La vie est dure et la patience est tout.
La vie s'expérimente jour après jour, dans la douleur et dans sa chair. A blessé le vieillard sur sa peau ; se tient en embuscade pour le jeune. Tombera, s'abattra, attaquera le jeune ! quand il deviendra grand. Attendons, donc. Elle fait dire au vieillard, à lui, qui la connait comme une amie intime : « La vie est dure. » et le jeune, lui, qui la rencontre à peine, la pense belle et facile. Elle fait dire au vieillard, l'œil éteint et la tête enflammé de cheveux blancs, que : « La patiente est tout. » et le jeune, trépignant avec énergie, agitant ses mèches noires et se mordant le pouce, est impatient. Elle fait dire au vieillard : « Tu comprendras quand tu seras grand. » et le jeune ne comprend pas. Insouciant et ingrat. Le jeune court dans un grand bois. Regrettant le soleil cuisant quand l'hiver vient et se plaignant du froid cinglant quand l'été est là. Éternuant à cause du pollen des fleurs et refusant d'admirer le manteau blanc qui n'a couleur ni odeur. S'agaçant du chant des rossignols le matin et s'effrayant des hululements du hibou le soir. Le jeune court dans un grand bois. La vie se tient en embuscade sous des feuillages. Le regarde l'œil alerte et le visage à moitié caché. Patiente du bon moment. Le jeune court dans un grand bois. La vie rit. Attends, dans un coin, puis. Tombe, s'abat, attaque le jeune ! et il devient grand. Sonné et blessé.
Le vieillard, jeune devenu grand, est celui qui a connu la mort et la douleur. Qui a le regard déterminé et la poitrine vide. Qui avance sans reculer, marchant à pas feutrer toujours, levant un pied parfois, se méfiant des pièges et des prédateurs dans un grand bois. Qui a remis son cœur en des mains Éternelles, sachant qu'elles sont les mains du pardon et de l'oubli. Dieu, dans son infinie bonté, a donné l'oubli en cadeau aux hommes. Le vieillard, jeune devenu grand, est celui qui a oublié qu'il a été enfant. Il a perdu, et la mémoire et la tête. Cette douleur cuisante, celle d'une cicatrice rouge écarlate, vive et brûlante, celle d'un vestige de l'attaque de la vie, s'est imprégnée en lui et l'a rendu fou. Le vieillard est fou ! un fou irraisonné qui ne trouve d'autres raisons de vivre que la vie. La vie elle-même ! qui l'a attaqué et blessé dans ces jeunes années. Il revoit cette cicatrice blanchie sur son flanc, repense à la violence ! la douleur ! la fureur ! il pense à la vie, comprend et dit : « La vie est dure, la patiente est tout. Tu comprendras quand tu seras grand. » mais le jeune ne comprend pas.
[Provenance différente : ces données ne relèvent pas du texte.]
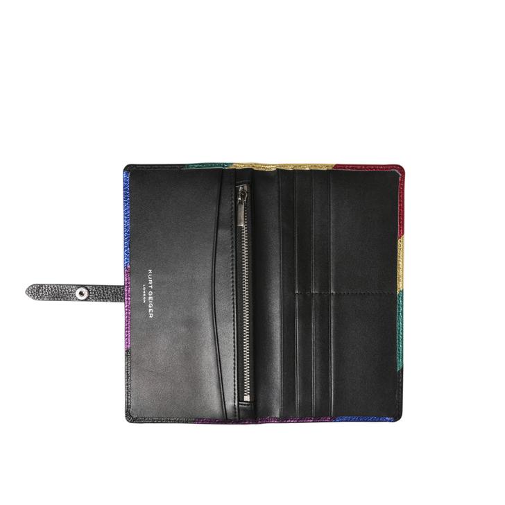 Softly structured and loaded with organisational options, Kurt Geiger London's Leather Soft Wallet makes an irresistible update for your collection. Featuring subtle embossed logo, leather tab closure and polished silver trims. Height: 10.5cm Width: 19.5cm Depth: 2cm.

Le vieillard lit ces mots et comprend. Le jeune lit ces mots et ne comprend pas. Je me réjouis. Me réjouis de ceux qui ne comprennent pas. Qui ne voient qu'en mort et douleur, des mots d'encre sur du papier. Je me peine. Me peine de ceux qui comprennent. Qui voient dans mort et douleur, le sang qui en trace les lettres. Le sang des aimés défunts sur le papier. Mon sang sur le papier. Leurs sangs et le mien qui se mélangent, qui se répandent. Qui répandent dans l'âme une noirceur comme une goutte d'encre tombée dans un verre d'eau. Je me peine de moi-même et je comprends. J'ai grandi et je comprends : « La vie est dure et la patience est tout. » Vous ne comprenez pas. La vie s'expérimente jour après jour, dans la douleur et dans sa chair. Vivez et relisez. Vous comprendrez.